Effect of Different DNA Demethylating Agents on In vitro Cultures of Peach Rootstock GF 677

The appearance of somaclonal variability induced by in vitro cultivation is relatively frequent and, in some cases, provides a valuable source of new phenotypes suitable for crop improvement. Numerous studies have confirmed that these changes can be explained by alterations of DNA methylation. Interestingly, a group of chemical compounds termed ‘demethylating agents’ (DMT agents) enable artificial changes to be made in the DNA methylation state.
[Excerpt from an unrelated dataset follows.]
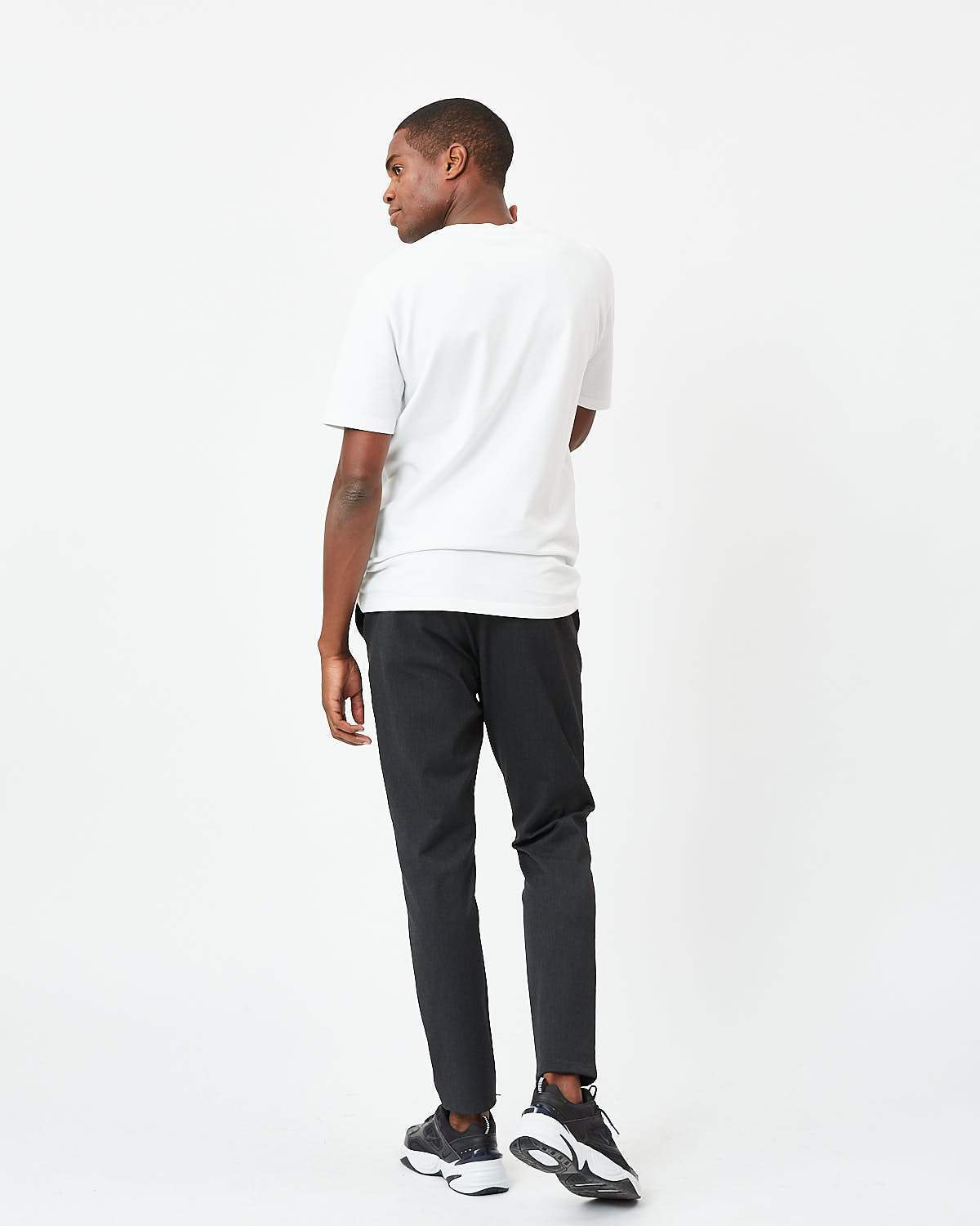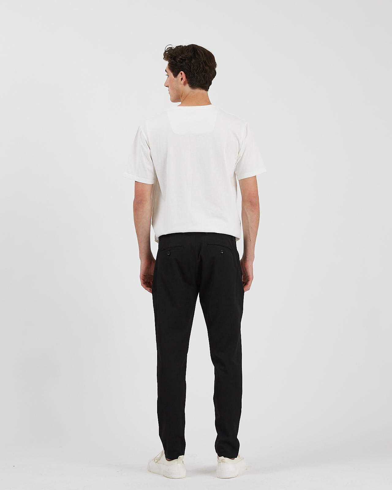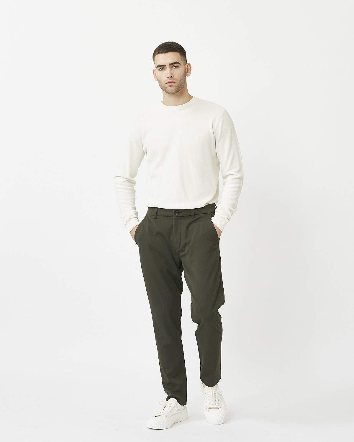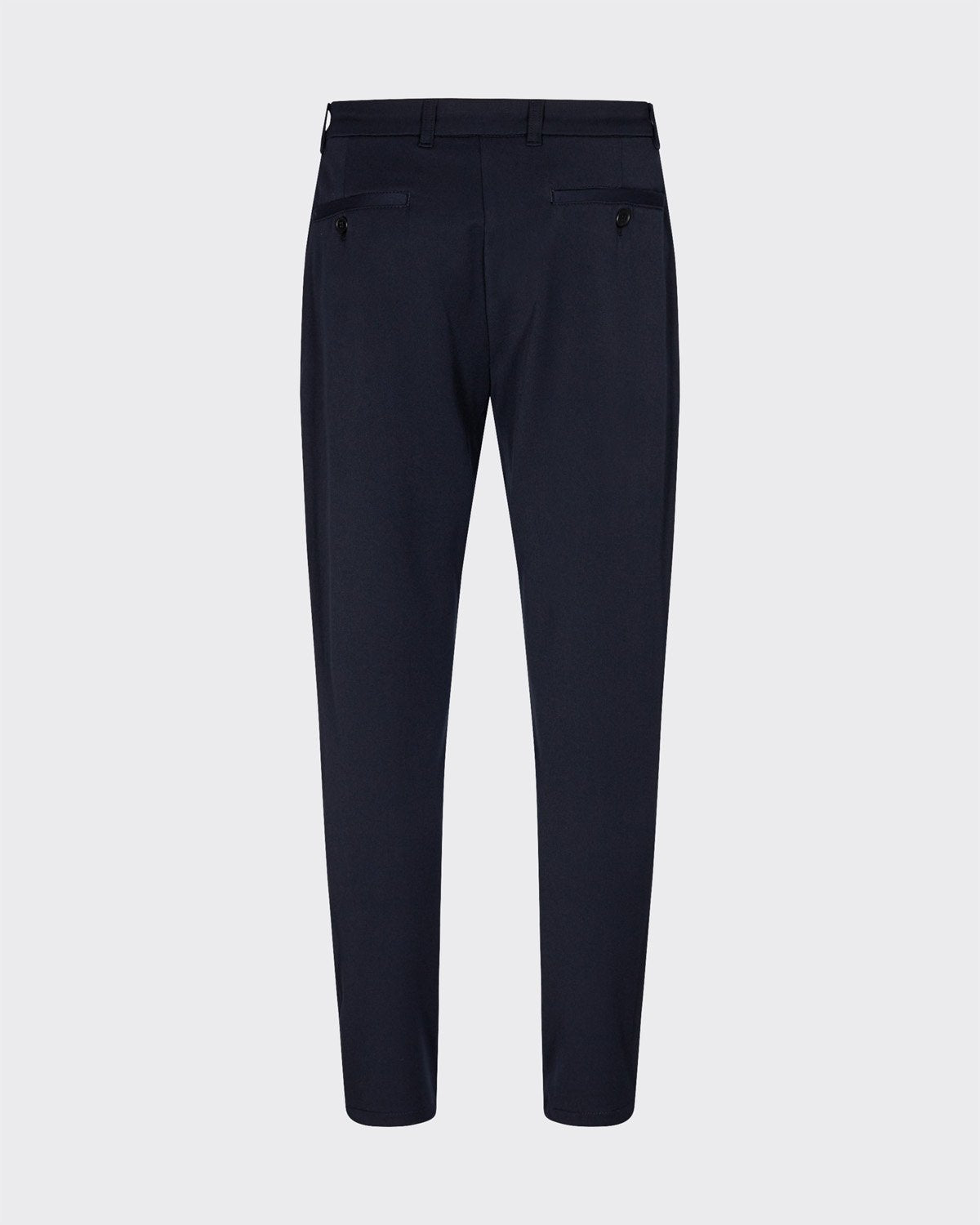 It is made from a flexible polyester, viscose and eleastane blend, for optimal comfort and movement. The pant has a regular fit and is constructed with tapered legs, slanted pockets along the sides and two welt pockets on the back.

Thus, these agents are theoretically able to induce new phenotypes or more favourable properties. The objective of the present study was to verify suitable conditions for the application of different DMT agents within in vitro protocols for micropropagation using the stone fruit rootstock GF 677 as an example. The impact of these agents on the properties of plant regenerants was evaluated, and their DNA methylation state was controlled by using an AFLP protocol based on a restriction endonuclease that differed in its sensitivity to methylated cytosines. Moreover, the effect of newly synthesised derivates was compared with that of conventional compounds with a well-documented DNA-demethylating impact. Based on the results, the suitable concentration for treatment by a DMT agent was established as approximately 50 µM. Promising results were generated using a combination of DMT agents with different mechanisms of action, such as azacytidine and dihydroxypropyladenine; under these conditions, probable synergy between methyltransferase interception by the cytosine analogue and interruption of methyl group donation by dihydroxypropyladenine significantly changed the DNA methylation state of treated plants. Regarding newly synthesised compounds, the 5,6-dihydro-5-azacytosine nucleoside showed the most promising results, which can likely be explained by its higher stability in the media used for in vitro cultivation.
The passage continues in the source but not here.